Sugar. It’s the new arsenic.

The disruption army marches on – although, perhaps, the disruption theory is falling prey to disruption.

Melamine took over from wood – now wood is back in favour. Synthetic Sunfilter curtains took over from damask and heavy linen and real fabrics. Now real is in.

Television booted radio into touch, the computer put the typewriter out of work…

I brought back the no processed carb idea from New York where, in 1998, as the Sunday Times correspondent, I joined a 12-step programme for fatties and lost a huge amount of weight

My mother remodelled my father, he fought back and went back to his old ways.

Nobody these days bothers with landlines – cellphones with their ease of use have seen to that.

What is clear is that sugar is out of fashion. Not just that. It’s vilified as an addictive killer and the new fad is to cut it from one’s diet altogether.

You know something has taken hold when it moves into the public space as an accepted (and universally understood) concept.

Standing in line at the supermarket on Valentine’s Day, I heard an obviously smitten acne faced teenage boy call his teeth braced teenage girlfriend Sugar.

Affronted she turned to him, her indignant hands on slender hips: are you calling me fat?

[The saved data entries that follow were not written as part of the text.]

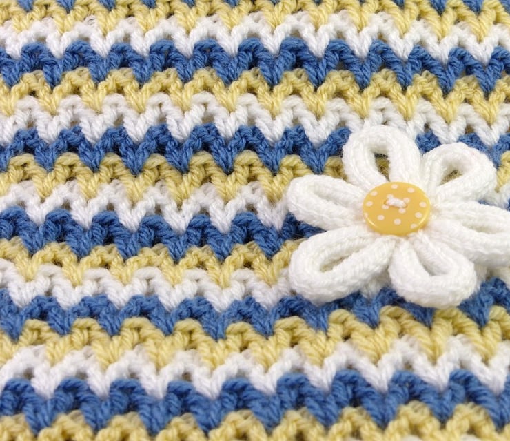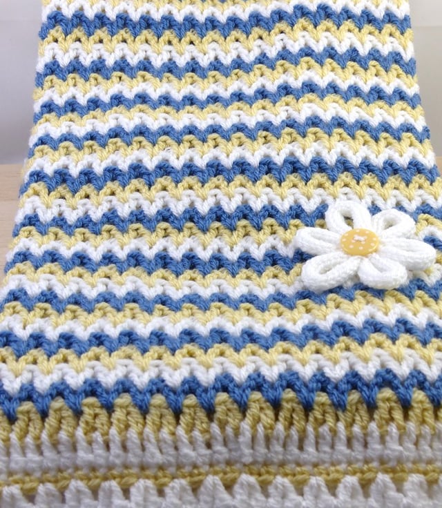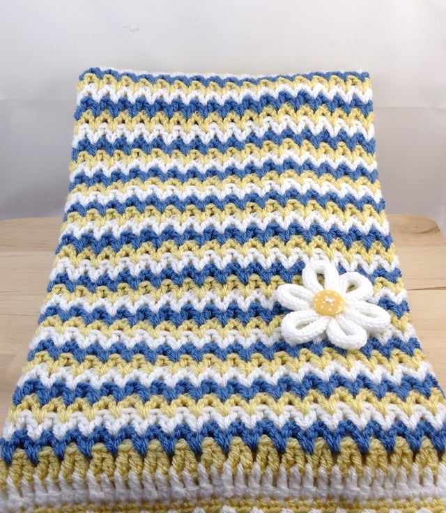 A crocheted baby blanket in denim blue, buttermilk and white 100% acrylic yarns which are washable at a low temperature. I have crocheted this item in a classic 'V' stitch and have added a white french knitted flower with a buttermilk yellow spotty button to one corner. The blanket measures approximately 28"x 24" so would be ideal for a pram, moses basket or car seat. The ideal gift for a new baby. This item will be sent by Royal Mail packed to arrive safely.
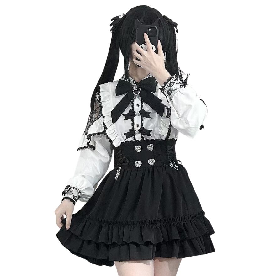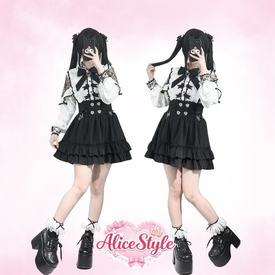 ゴシックロリータ|ハートビジューコルセットウエストフリルスカート(ブラック)夜の美意識を纏う日に|Alicestyle
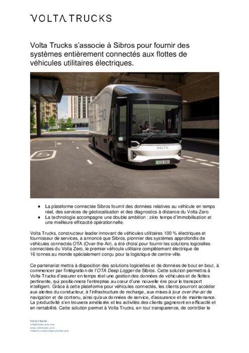 Volta Trucks, constructeur leader innovant de véhicules utilitaires 100 % électriques et fournisseur de services, a annoncé que Sibros, pionnier des systèmes approfondis de véhicules connectés OTA (Over-the-Air), a été choisi pour fournir les solutions logicielles connectées du Volta Zero, le premier véhicule utilitaire complètement électrique de 16 tonnes au monde spécialement conçu pour la logistique de centre-ville.

Do you think I eat sugar?

Sugar has become a swear word, a derogatory term. The young woman, with her hair in braids, her branded takkies and her fashionably ripped jeans found being called Sugar insulting.

There is a hulabaloo about Finance Minister Pravin Gordhan’s announcement in his Budget address that a tax on sugar will definitely be imposed later this year.

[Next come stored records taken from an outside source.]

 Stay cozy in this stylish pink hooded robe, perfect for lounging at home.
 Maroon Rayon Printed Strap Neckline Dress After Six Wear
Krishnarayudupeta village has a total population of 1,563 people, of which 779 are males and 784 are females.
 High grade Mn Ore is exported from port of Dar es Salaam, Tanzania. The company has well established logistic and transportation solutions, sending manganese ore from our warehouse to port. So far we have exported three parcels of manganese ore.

The sugar industry is up in arms. Jobs will be lost. Profits will fall.

And yet, does disruption not bring the chance for growth and diversification and change?

Now that sugar is out of fashion, perhaps its time for the sugar industry to morph into something different.

On the no sugar score, I feel a little smug.

I brought back the no processed carb idea from New York where, in 1998, as the Sunday Times correspondent, I joined a 12-step programme for fatties and lost a huge amount of weight.

Not compulsive overeaters – which most fat people are familiar with and which is the mother programme – but a stricter off shoot of OA called CEA-HOW. This programme demanded a rigid sugar, carbohydrate free diet as well as the consumption of very few calories. It worked! I was thin within months. Then fat again when I returned to chocolate and cake.

Remember this was years before Tim Noakes revolutionised the way we think and Banting became the new word for diet.

Tim Noakes’ disruption of the theory that Sugar Gives You Go – a sugar industry ad from a few decades ago – began a movement that worships fat, deplores gluten or carbohydrate, encourages the consumption of animal protein….

Hold onto your hat. There’ll be a new fad in a little while.

Maybe those sugar farmers should hang onto some of their seed.